#### [TASK INSTRUCTIONS]
Verbatim copy, images omitted: return the full listing.

#### [COLLECTED MATERIAL]

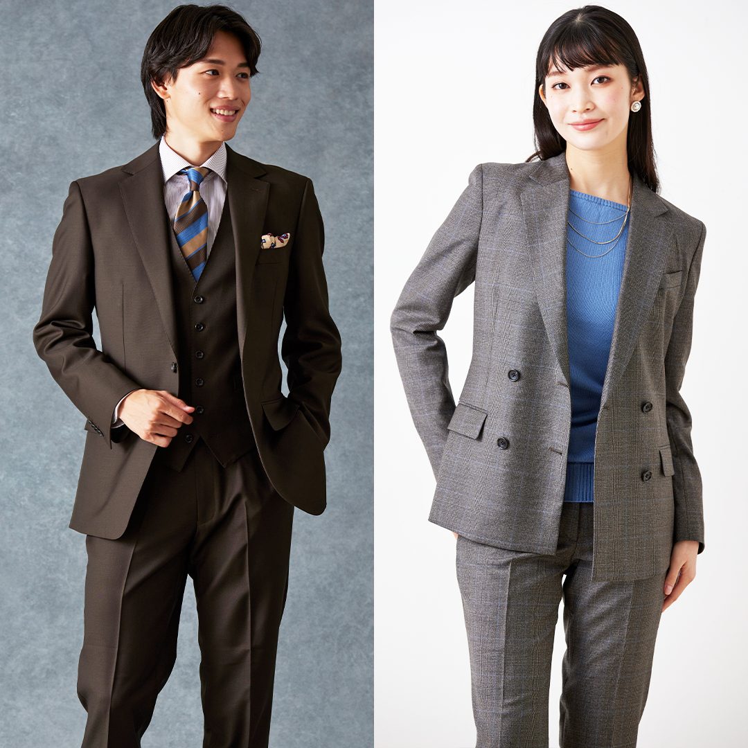 暖色系で温かみを感じられるブラウンカラーは他のカラーに比べてユニークな着こなしができ、個性を表現したい方におすすめです。プライベートに人気のカラーですが、ビジネスシーンでも着こなせる生地が年々多く入荷しています。
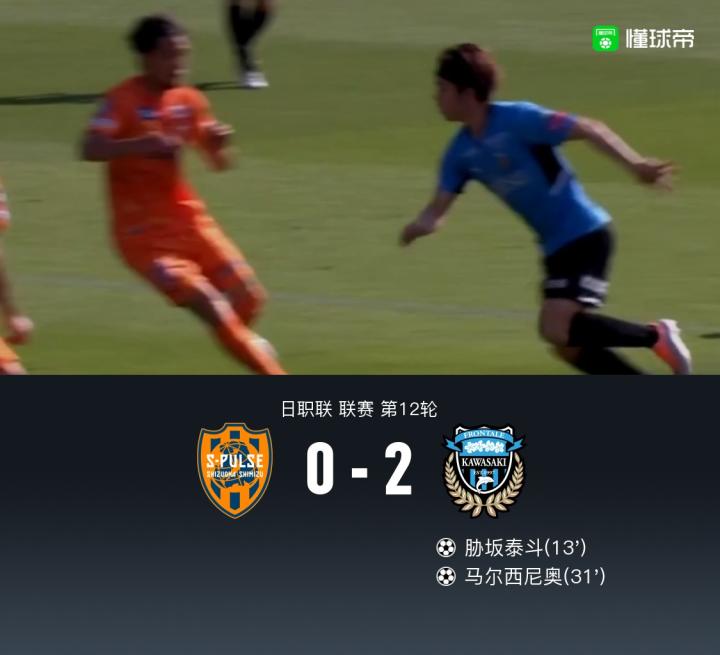 川崎前锋客场2-0清水心跳,继续位居第二,马尔西尼奥建功
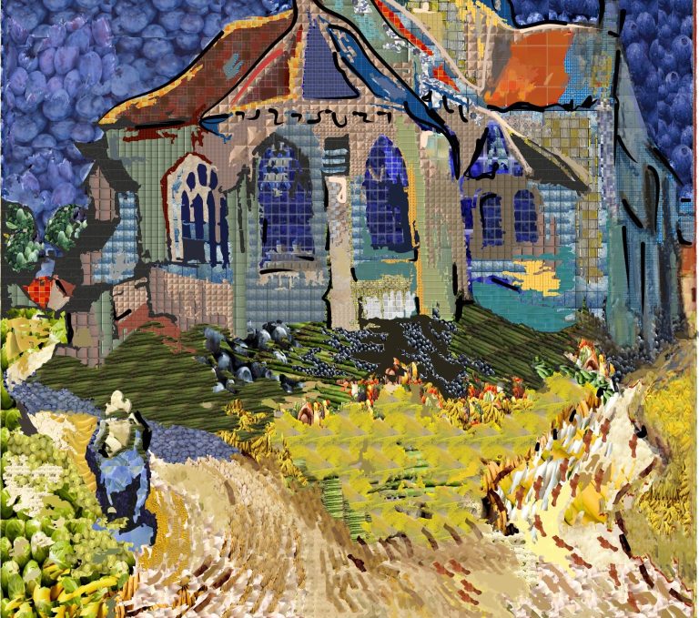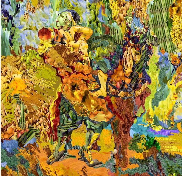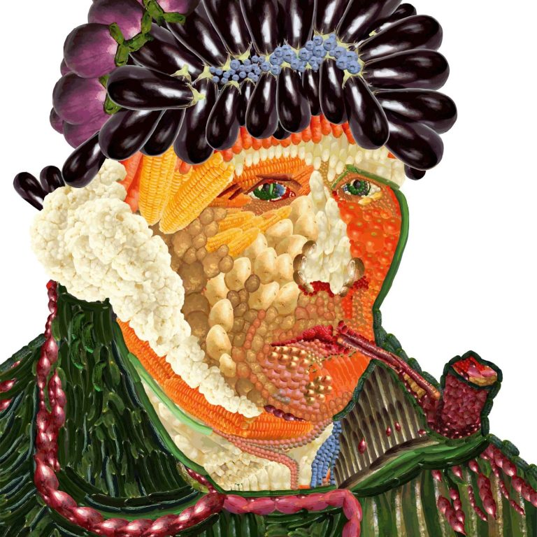 Replicas: Aus einer Vorlage mittels Coreldraw eine Vektorgrafik erstellt, mit Obst- und Gemüse Objekte nachgebildet.

#### [EXERCISE RESULT]
 暖色系で温かみを感じられるブラウンカラーは他のカラーに比べてユニークな着こなしができ、個性を表現したい方におすすめです。プライベートに人気のカラーですが、ビジネスシーンでも着こなせる生地が年々多く入荷しています。
 川崎前锋客场2-0清水心跳,继续位居第二,马尔西尼奥建功
 Replicas: Aus einer Vorlage mittels Coreldraw eine Vektorgrafik erstellt, mit Obst- und Gemüse Objekte nachgebildet.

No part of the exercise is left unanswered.